07.11.2012, 12:16 Uhr | dpa
Im Hinspiel gegen Marseille konnte Mönchengladbach erstmals diese Saison in der Europa League gewinnen. Ein weiterer Sieg für das Weiterkommen ist Pflicht. (Quelle: imago)
Ende oder Wende in der Europa League: Für Borussia Mönchengladbach steht der Verbleib im internationalen Wettbewerb auf dem Spiel. "Wir dürfen auf keinen Fall verlieren und müssen alles geben", sagte Borussen-Profi Roel Brouwers vor der Partie beim französischen Spitzenklub Olympique Marseille am Donnerstag.

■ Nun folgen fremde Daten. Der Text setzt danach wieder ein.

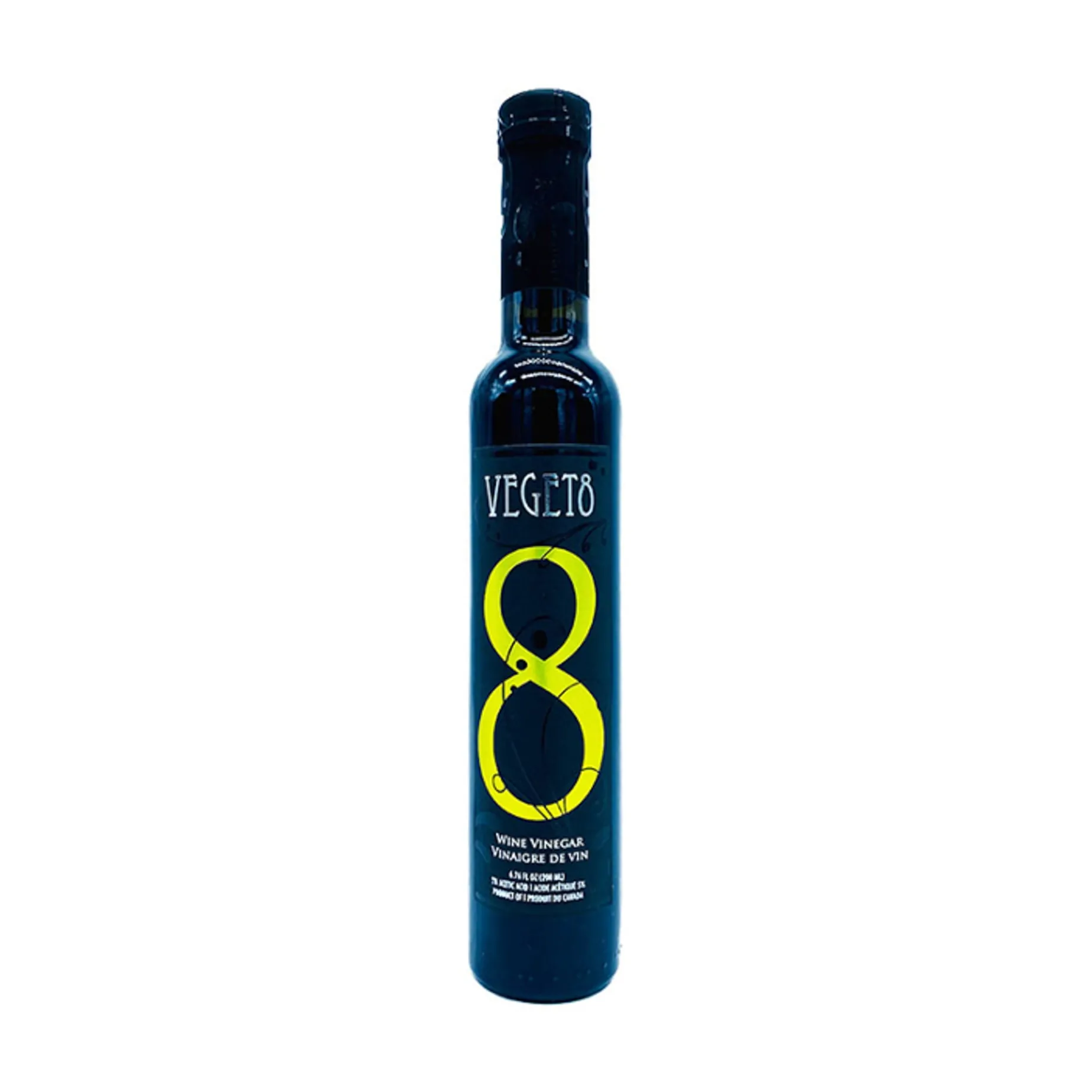 Veget8 vinegar is made in small batches at the Minus 8 vineyard. It starts with Cabernet Franc grapes which are made into ice wine and then vinegar. This is combined with vinegar made from locally grown Roma tomatoes.

Nach dem Aus im DFB-Pokal und einer mittelmäßigen Platzierung in der Liga wollen die Gladbacher ihre internationale Chance auf jeden Fall nutzen (Donnerstag ab 18.45 Uhr im Liveticker von fussball.de). "Noch ist alles möglich. Wir müssen unbedingt punkten, weil wir im direkten Duell mit Marseille vorne bleiben wollen", sagte Abwehrchef Martin Stranzl.
Nach dem 2:0-Heimsieg gegen die mit vier Zählern punktgleichen Franzosen können die Gladbacher im Erfolgsfall für die nächste Runde planen. Mit einem Sieg im letzten Heimspiel gegen Limassol wäre die K.o.-Runde dann vor dem abschließenden Gruppenspiel beim aktuellen Tabellenführer Fenerbahce Istanbul erreicht.
Bei einem Remis müssten wohl noch zwei Siege her, bei einer Niederlage ist das Ausscheiden sehr wahrscheinlich. "Wir befinden uns in einer spannenden Situation", sagte Sportdirektor Max Eberl.
Vor dem 18. Pflichtspiel seit Saisonbeginn muss Trainer Lucien Favre die Belastung im Team verteilen. Rechtsverteidiger Tony Jantschke ist nach seiner Gehirnerschütterung wieder ein Kandidat für die Startelf. Filip Daems, der schon am vergangenen Samstag pausieren musste, trat wegen einer Bauchmuskelverletzung die Reise nach Marseille erst gar nicht an.
Der Kapitän weiß aber, was auf sein Team an der sonnigen Mittelmeerküste zukommt. "Ich vermute, dass Marseille anfangs sehr viel Gas geben wird, weil sie ihr Heimspiel unbedingt gewinnen wollen. Ich hoffe, dass wir das nutzen können, um den ein oder anderen Konter zu setzen", sagte Daems. Im Hinspiel leitete er mit einem verwandelte Elfmeter den Sieg ein. Sein Vertreter dürfte erneut der Schwede Oscar Wendt sein.
Noch sucht Favre vor der richtungsweisenden Partie die richtige Balance bei der Aufstellung seiner Mannschaft. Vieles sei schon besser geworden, sagte der Coach. Unsicherheiten gab es zuletzt bei Ballbesitz. "Da hatten wir zu viele Verluste. Das muss noch besser werden", sagte Favre. Immerhin ist die Abwehr stabiler geworden. "Wir stehen defensiv sehr gut", sagte Mittelfeldspieler Thorben Marx.
Olympique Marseille hat sich in der Liga nach einem 2:0-Erfolg am Wochenende beim AC Ajaccio wieder auf den zweiten Tabellenplatz hinter Paris St. Germain vorgeschoben. Die Treffer erzielten die Brüder Andre und Jordan Ayew.